Gamma function is defined for $Re(x)>0$ that $$ \Gamma(x) = \int_0^{\infty} u^{x-1} e^{-u} du, $$ where the integral is from $0$ to infinity on $\mathbb{R}$. Given $s \in \mathbb{C}$ with $Re(s)>0$, I want to show that by the change of variable $w = s u$ that we have the following: $$ \int_0^{\infty} u^{x-1} e^{-su} du = s^{-x} \int w^{x-1} e^w dw = s^{-x} \Gamma(x). $$
The only thing I am not sure is when I do the change of variable, the integral becomes from $0$ to $\infty$ on real to $s\cdot [0,\infty]$. How does one obtain the Gamma function on the right? Thank you very much!

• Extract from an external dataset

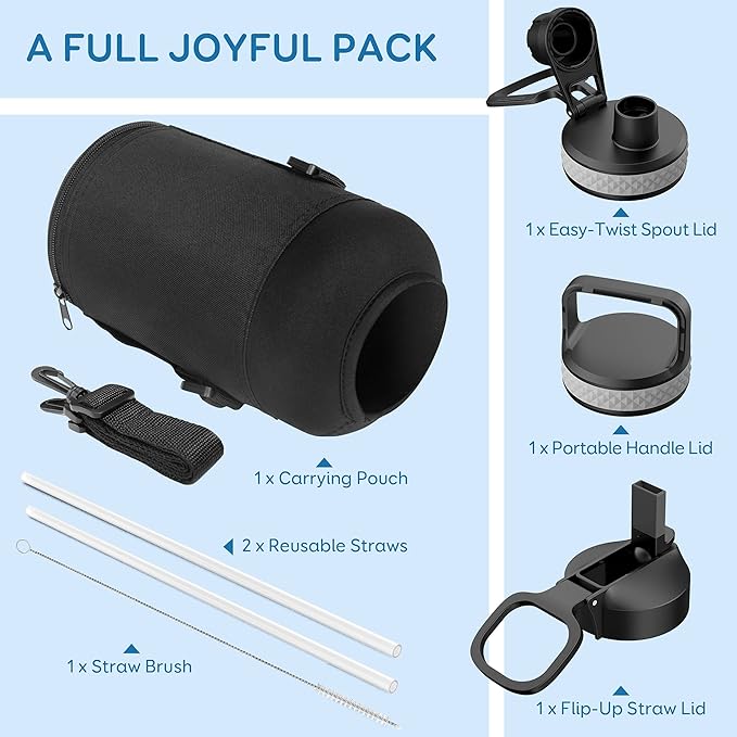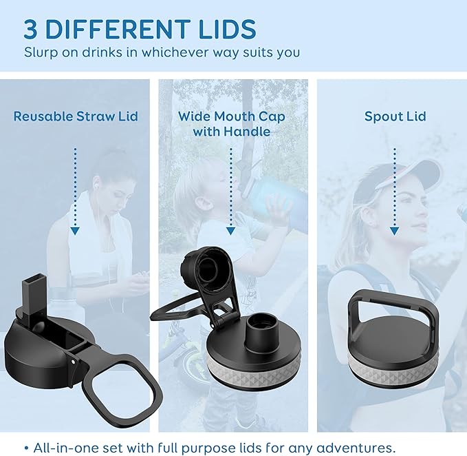 - Flexible Drinking On-the-Go: This water jug comes with 3 different lids. The screw-on lid with flip-up handle is for easy ice refilling with superior portability; spout lid makes it convenient to drink hot liquid and straw lid for sipping cold.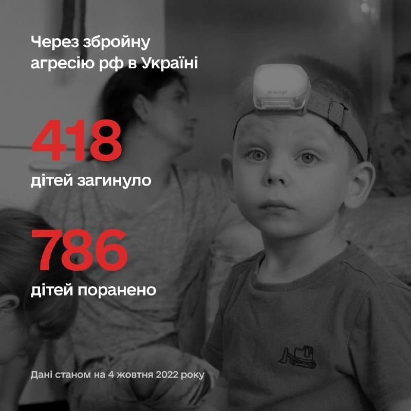 Станом на ранок 4 жовтня 2022 року більш ніж 1204 дитини постраждали в Україні внаслідок повномасштабної збройної агресії рф. 418 дітей загинуло та понад 786 отримали поранення різного ступеню тяжкості.

Consider the wedge-shaped contour $\gamma$ consisting of $[\varepsilon,R]$, the arc of the circle of radius $R$ centred at $0$ joining $R$ and $sR$, the straight line joining $sR$ to $s\varepsilon$, and the arc joining $s\varepsilon$ to $\varepsilon$. Then the integrand is analytic inside $\gamma$, so Cauchy's theorem applies and $$ \int_{\gamma} z^{x-1} e^{-z} \, dz=0. $$ The integral along the real axis is $$ \int_{\varepsilon}^{R} u^{x-1}e^{-u} \, du \to \Gamma(x) $$ as $\varepsilon \to 0,R \to \infty$. The integral along the other straight line is $$ \int_R^{\varepsilon} (sy)^{x-1}e^{-sy} \, s dy = -s^{x}\int_{\varepsilon}^R y^{x-1} e^{-sy} \, dy \to -s^{x}\int_{0}^{\infty} y^{x-1} e^{-sy} \, dy $$ since the line is traversed in the negative direction. Therefore $$ \Gamma(x)-s^{x}\int_{0}^{\infty} y^{x-1} e^{-sy} \, dy + \int_{\text{arcs}} = 0, $$ and to verify your equality, it suffices to show that the integrals along the arcs tend to zero. This is easy: since $\Re(s)>0$, we have $$ \Re(z)>\Re(s)R $$ on the large arc, so $$ \left\lvert \int_{R}^{sR} z^{x-1} e^{-z} \, dz \right\rvert < \tfrac{1}{2}\pi R^{\Re(x)} e^{-R\Re(s)} \to 0, $$ since the integrand is bounded above by $R^{x-1} e^{-R\Re(s)}$ for $R$ large, and the length of the contour is less than $\frac{1}{2}\pi R$. The small contour is even easier, using a similar trick to bound the integrand by $\varepsilon^{\Re(x)}$. Thus the integrals over both arcs tend to zero, and you find the result. (The same result holds if $s$ is imaginary, but you need a bit more sophistication in bounding the arcs to prove it.)